Efficient trans-dimensional Bayesian inversion for geoacoustic profile estimation

This paper considers the efficiency of trans-dimensional (trans-D) Bayesian inversion based on reversible-jump Markov-chain Monte Carlo (rjMCMC) sampling, with application to geophysical inverse problems for a depth-dependent earth or seabed model of an unknown number of layers (seabed acoustic reflectivity inversion is the specific example). Trans-D inversion is applied to sample the posterior probability density over geoacoustic/geophysical parameters for a variable number of layers, providing profile estimates with uncertainties that include the uncertainty in the model parameterization.
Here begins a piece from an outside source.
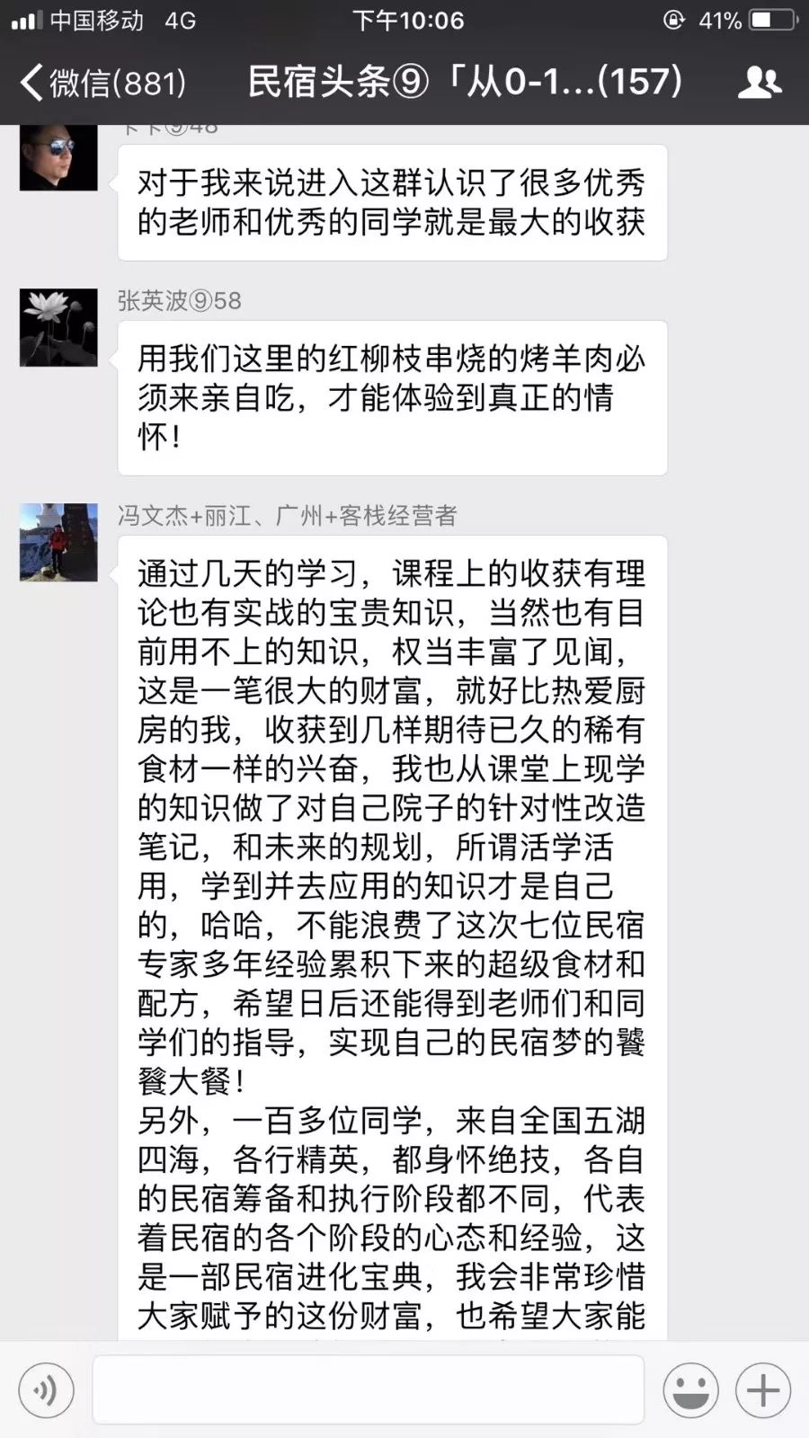 针对这些情况,民宿头条特别开办【从0-1开民宿】线上课程,到现在已成功开办17期课程了。开班以来,已成功帮2000多位从业者答疑解惑,落地民宿梦。看着同学们发自肺腑的总结,有点感动,能帮到想开民宿的同学少走弯路就是我们的价值。

However, the approach is computationally intensive. The efficiency of rjMCMC sampling is largely determined by the proposal schemes which are applied to generate perturbed values for existing parameters and new values for parameters assigned to layers added to the model. Several proposal schemes are considered here, some of which appear new for trans-D geophysical inversion. Perturbations of existing parameters are considered in a principal-component space based on an eigen-decomposition of the unit-lag parameter covariance matrix (computed from successive models along the Markov chain, a diminishing adaptation). The relative efficiency of proposing new parameters from the prior versus a Gaussian distribution focused near existing values is examined. Parallel tempering, which employs a sequence of interacting Markov chains in which the likelihood function is successively relaxed, is also considered as a means to increase the acceptance rate of new layers. The relative efficiency of various proposal schemes is compared through repeated inversions with a pragmatic convergence criterion.